Bei der NATO hingegen weht ein anderer Wind. Von dieser wird die türkische Invasion zwar auch kritisiert, und zwar deshalb, weil sie als Instrument der USA nichts anderes mehr sagen kann. Ihr Homunculus Belli, Stoltenberg, der in seiner Funktion kurz nach der Aggression nach Ankara flog, um mit dem Mitgliedsland zu sprechen, warb um Verständnis. Und natürlich appellierte er danach an die anderen Mitglieder, sie mögen an die generelle Bedeutung und die historischen Verdienste des Mitgliedes Türkei denken. Und, das durfte nicht fehlen, sollte das überfallene Land, sprich Syrien, sich mit seinen Streitkräften gegen den Einmarsch wehren, dann träte der Bündnisfall ein, weil dann einer der NATO-Vertragspartner bedroht sei.

Der Charakter der NATO als ein auf alle internationalen Rechtsformen und Kodexe pfeifendes Aggressionsbündnis hat sich somit ein erneutes mal verifiziert. Es ist nicht mehr erforderlich, an jedem neuen Vorfall den Vorwurf zu enthüllen. Wichtig scheint nun zu sein, die Verbindung herzustellen zu dem, was die Menschen so sehr bewegt. Die Frage nach der Verursachung des Klimawandels hat sehr viel mit dem zu tun, was momentan in Syrien geschieht.
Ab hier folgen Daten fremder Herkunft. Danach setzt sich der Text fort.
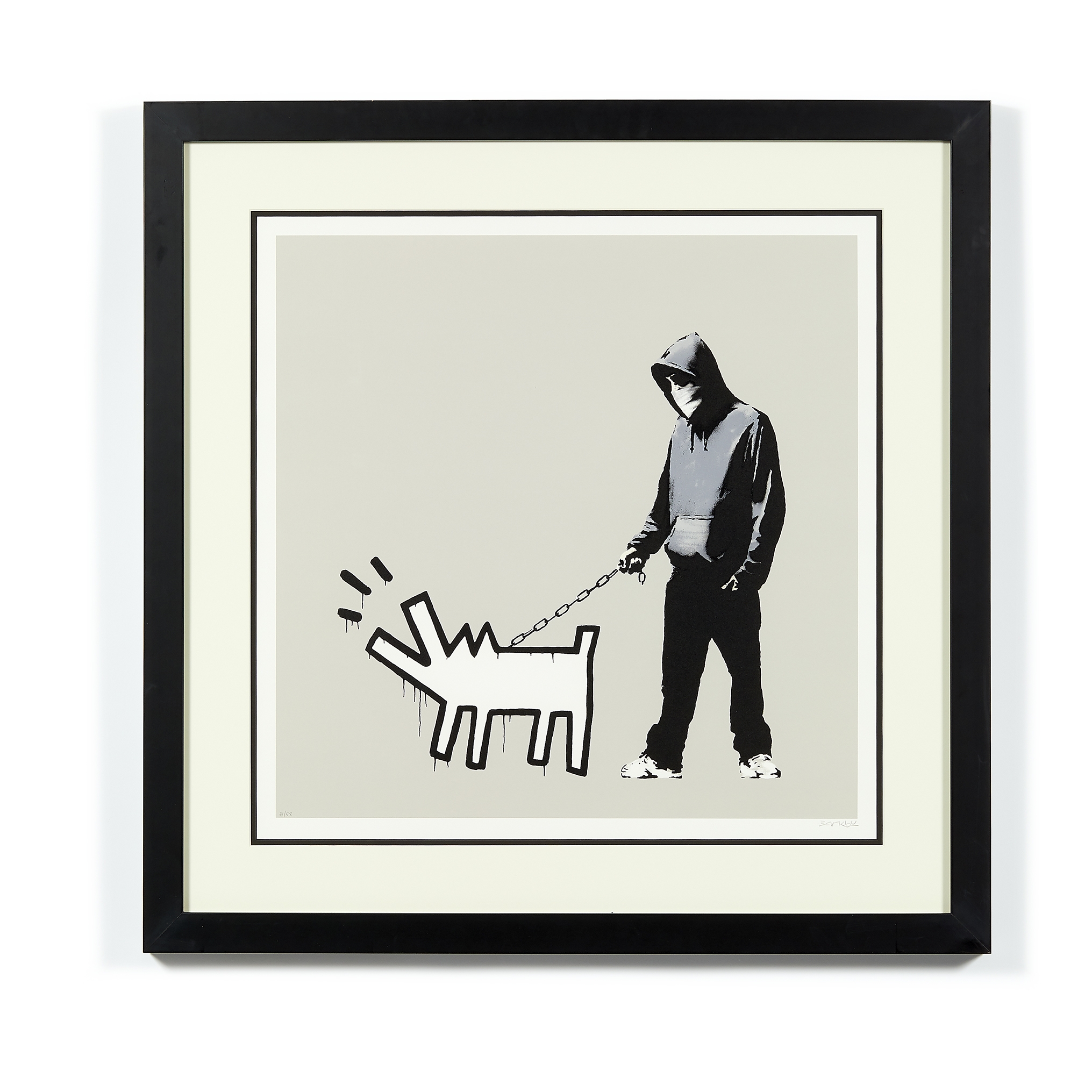 Infine, grande protagonista di tutta la selezione è il capolavoro di Banksy (Inghilterra, 1974) “Choose your weapon (grey)” del 2010, presentato con una stima iniziale di 30.000-50.000€. L’opera, una serigrafia sui toni dominanti del grigio, raffigura una citazione diretta del “barking dog” di Keith Haring tenuto al guinzaglio da una figura umana vestita di scuro, un ragazzo dal volto coperto, il cui aspetto minaccioso è mediato dalla silhouette stilizzata dell’animale. In molti casi, la critica ha letto in questa composizione un ritratto ironico della gang-culture inglese e del loro utilizzo violento dei cani. Lo stencil originale, da cui è tratta la serie serigrafica, è apparso per la prima volta su un muro del The Grange pub di Bermondsey a Londra, nel 2010.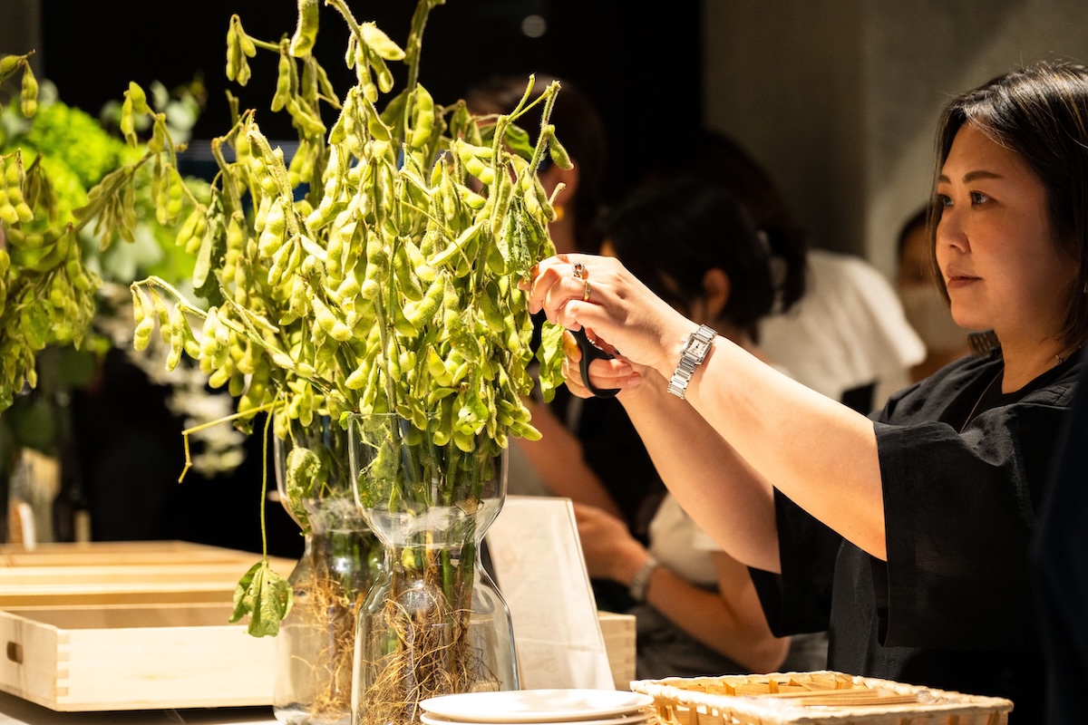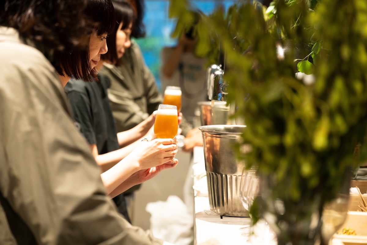 「カナダグース」が8月8日に銀座の旗艦店で開催した「銀座ソーラーシェアリングサロン」で提供されたのは、カナダグースジャパンが千葉・匝瑳で手がけるソーラーシェアリング(営農型太陽光発電)の農地で育てた有機大麦を使ったクラフトビールと有機枝豆だった。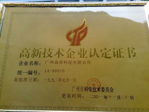 廣州晶體科技有限公司歷年獲得的榮譽圖片3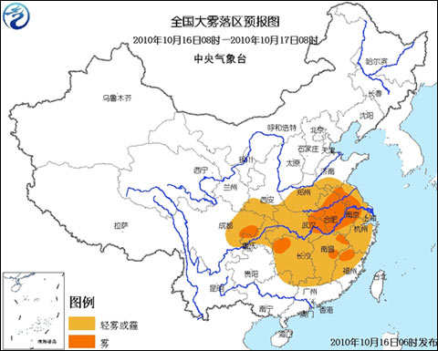 中新網10月16日電 中央氣象臺今晨6時繼續發布大霧藍色預警: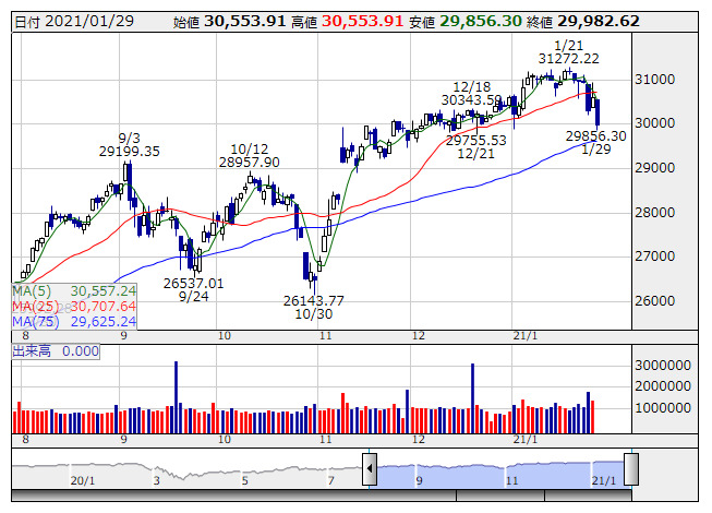 NYダウ <日足> 「株探」多機能チャートより米新興証券のロビンフッドは28日に、個人投資家の投機的取引で株価が急騰しているゲームストップなど一部銘柄の購入を制限したが、批判が殺到するなか29日から取引を再開した。これを受け、ゲームストップやAMCエンターテインメントといった銘柄が急騰。これら銘柄に空売りを仕掛けていたファンドが損害を受け市場が混乱することを警戒する売りが膨らんだ。NYダウは昨年12月14日以来の3万ドル割れとなった。アップルやアマゾン・ドット・コム、マイクロソフトが安く、エヌビディアやアドバンスド・マイクロデバイシズが下落。JPモルガン・チェースやバンク・オブ・アメリカが値を下げた。ボーイングやアメリカン航空グループが売られた。半面、モデルナやノババックスが急伸し、ファイザーが値を上げた。スカイワークス・ソリューションズやクアルコム、バイオジェンが買われた。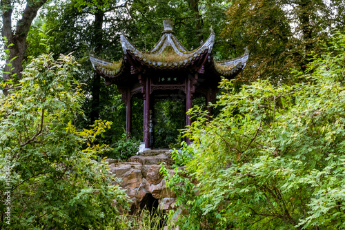 © Hadrien, Fototapeta premium Pagode dans le jardin chinois du Parc Bethmann à Francfort-sur-le-Main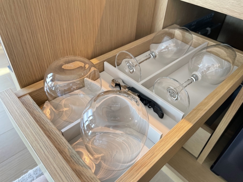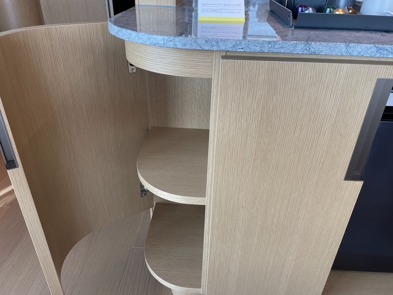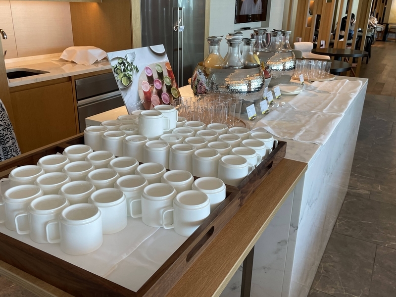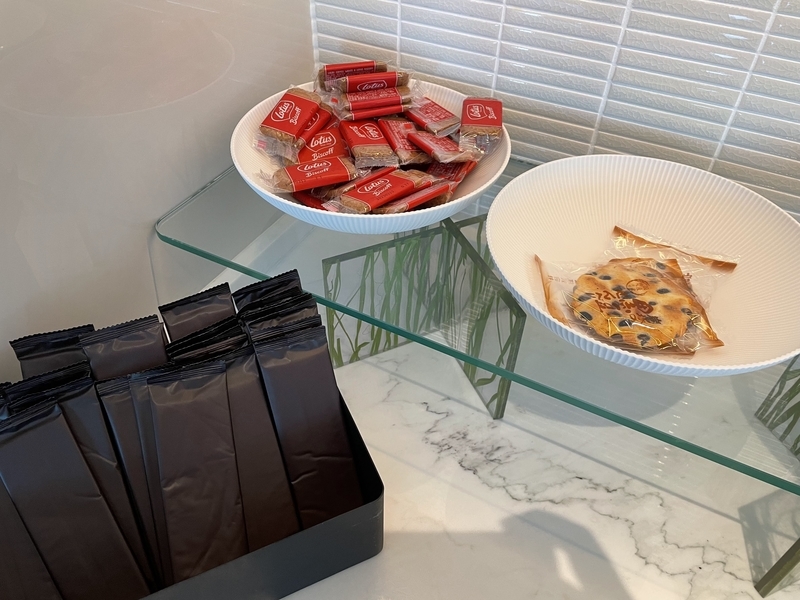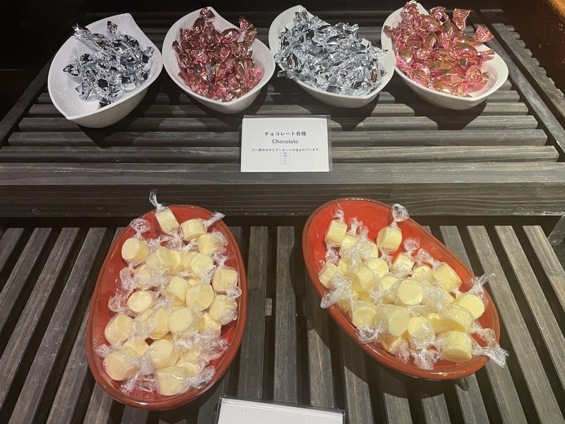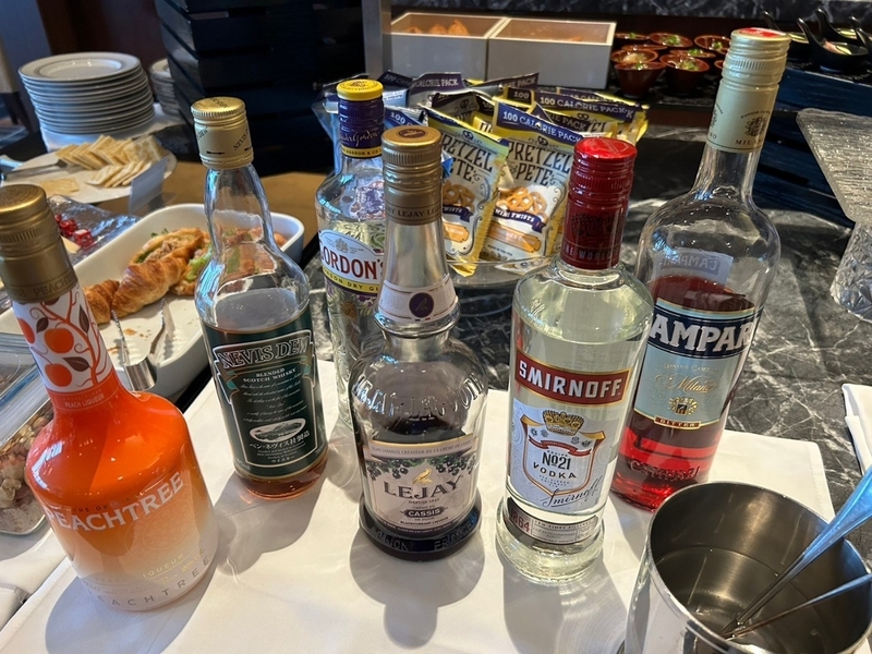 夕方になると、ワインやシャンパン、日本酒などのアルコールが提供され、軽食も充実。ラウンジで夕食代わりにすることも可能です。

Das beginnt mit der direkten Kontamination der Umwelt bei akuten militärischen Operationen und endet bei der Ursache von Waffengängen, wenn es um Ressourcen oder deren Transportinfrastruktur wie Gas-Pipelines geht. Wer über den CO2-Ausstoss von zivilen SUVs schockiert ist, kann angesichts dessen nicht schweigen. 

Medial, auch das ein bekanntes Fiasko, sind die Chargen bereits dabei, die moralische Rechtfertigung für eine Kriegsbeteiligung zu konstruieren. Vor wenigen Minuten weinte die deutsche Frau eines IS-Kämpfers aus einem hiesigen Sender und klagte über ihre Furcht um sich und um ihre Kinder, falls die syrische Armee (!) vorrücke! 

Der bereits benutzte Begriff des Homunculus Belli beschreibt einen Typus, der vermehrt in zahlreichen Institutionen vertreten ist. Diese Mischung aus Kriminalität und Scharlatanerie beherrscht das Feld.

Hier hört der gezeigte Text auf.